**Task prompt**
Return every entry below word for word and leave out any picture.

**Material for the task**
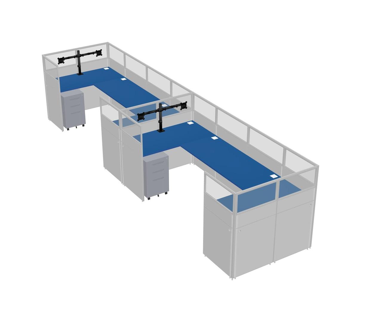 Système De Panneaux En U Prism Blue Pour 2 Personnes + Bras D'écran (bras Doubles) + Tiroirs Mobiles En Métal Pour 2 Utilisateurs
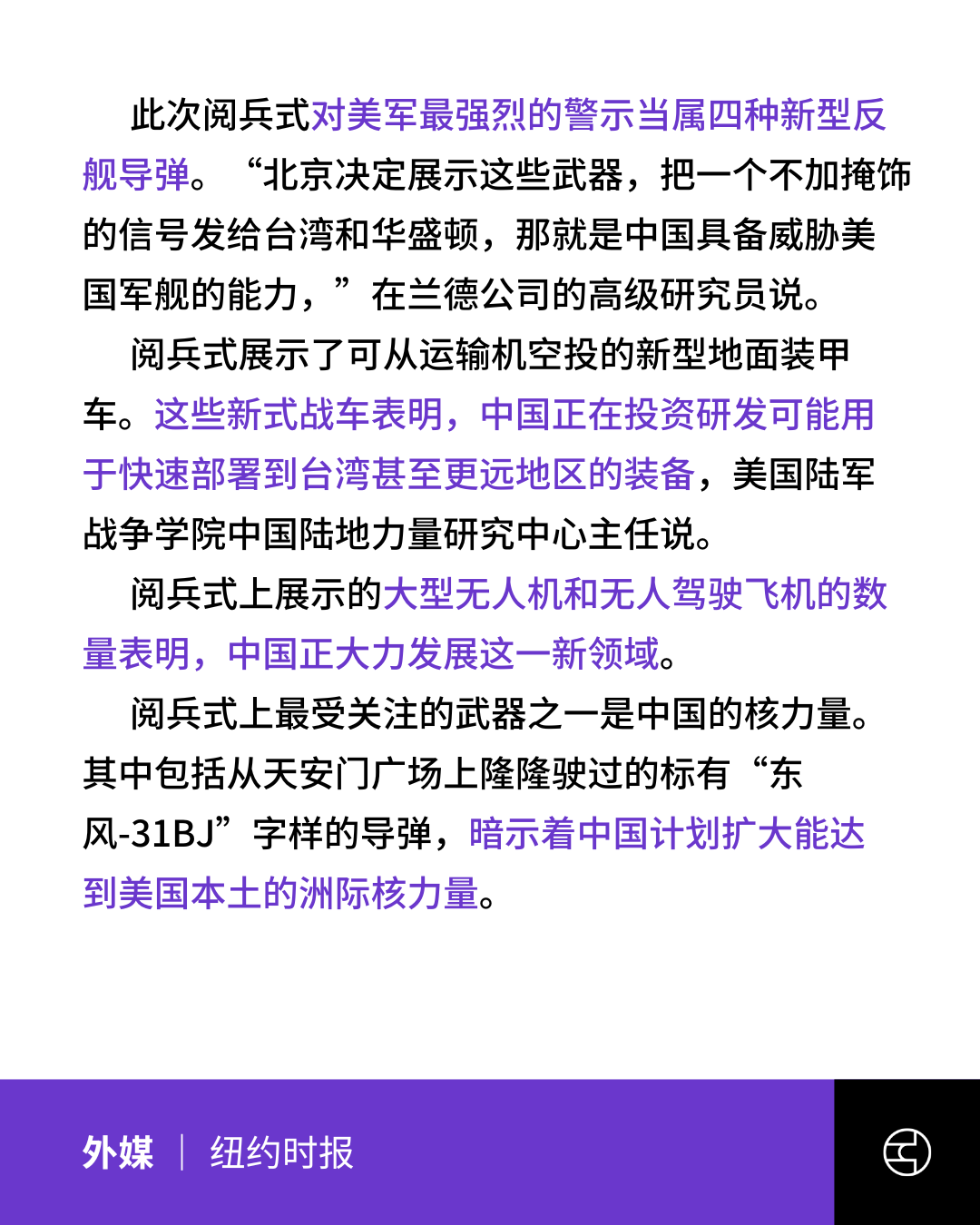 《纽约时报》“九三”阅兵展示了哪些新式武器
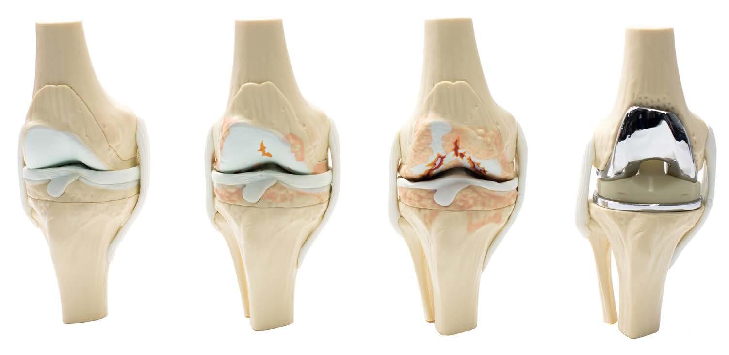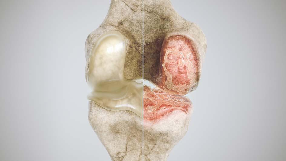 Healthy cartilage (left) versus diseased cartilage (right) in osteoarthritis.
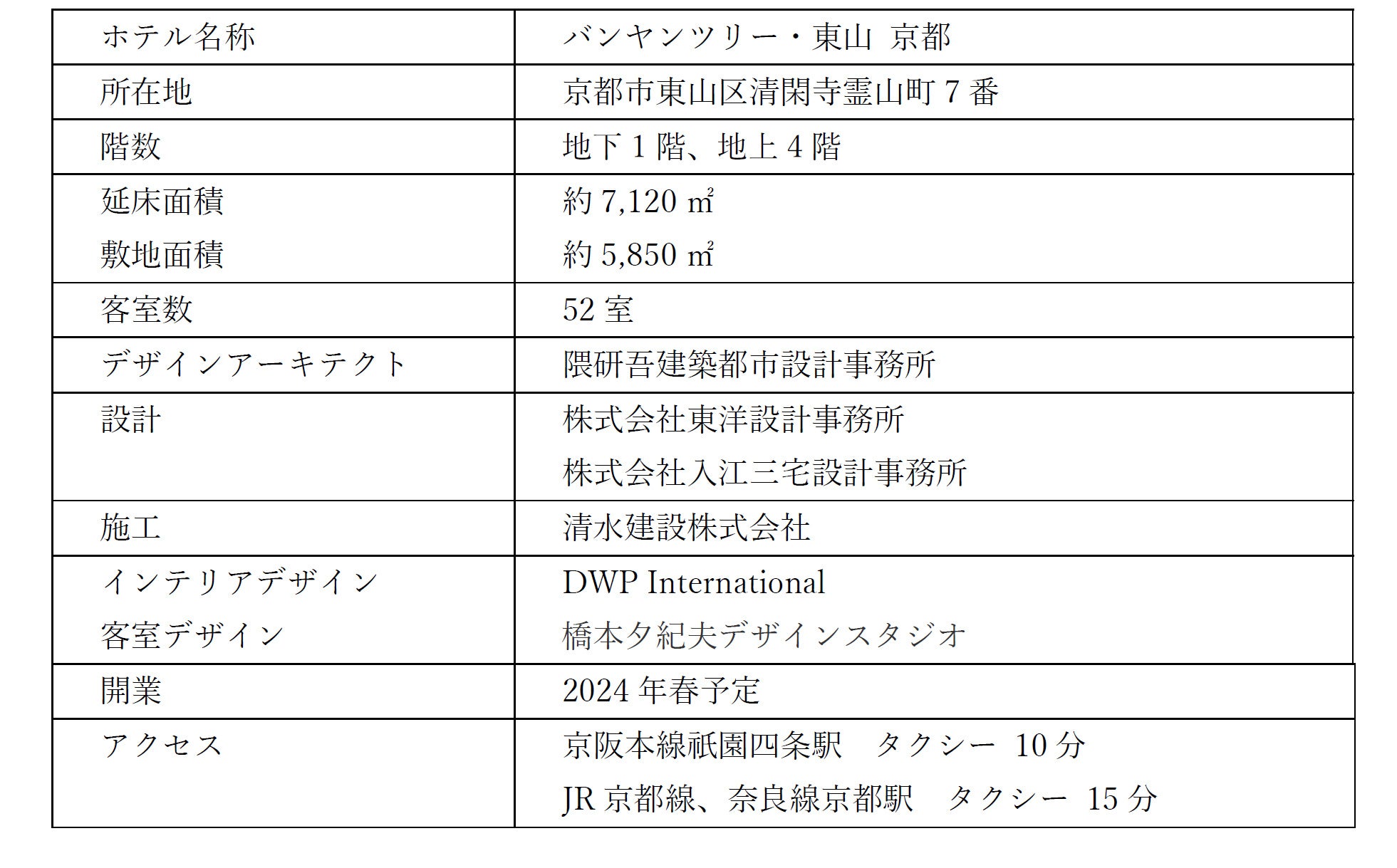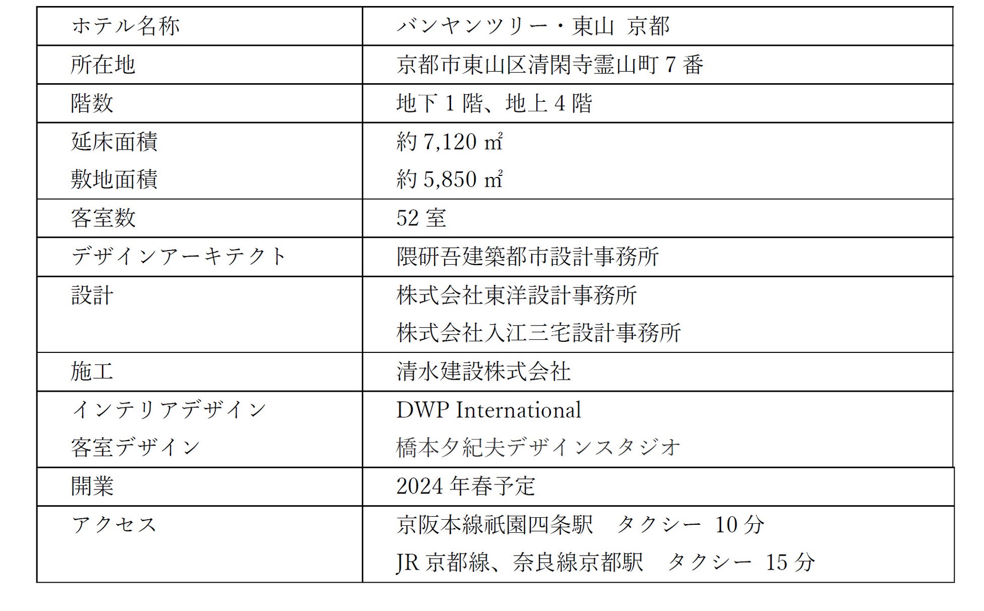 2024年春開業予定「バンヤンツリー・東山 京都」着工のお知らせ
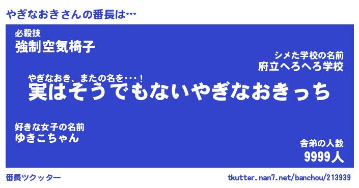 | 伝説のあだ名 | 『封印されしスナイパーやぎなおき』 |
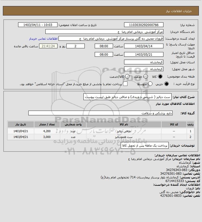 شرح کلی نیاز: ست دیالیز ( شریانی و وریدی) و صافی دیالیز طبق لیست پیوست

**Written response**
 Système De Panneaux En U Prism Blue Pour 2 Personnes + Bras D'écran (bras Doubles) + Tiroirs Mobiles En Métal Pour 2 Utilisateurs
 《纽约时报》“九三”阅兵展示了哪些新式武器
 Healthy cartilage (left) versus diseased cartilage (right) in osteoarthritis.
 2024年春開業予定「バンヤンツリー・東山 京都」着工のお知らせ
 | 伝説のあだ名 | 『封印されしスナイパーやぎなおき』 |
 شرح کلی نیاز: ست دیالیز ( شریانی و وریدی) و صافی دیالیز طبق لیست پیوست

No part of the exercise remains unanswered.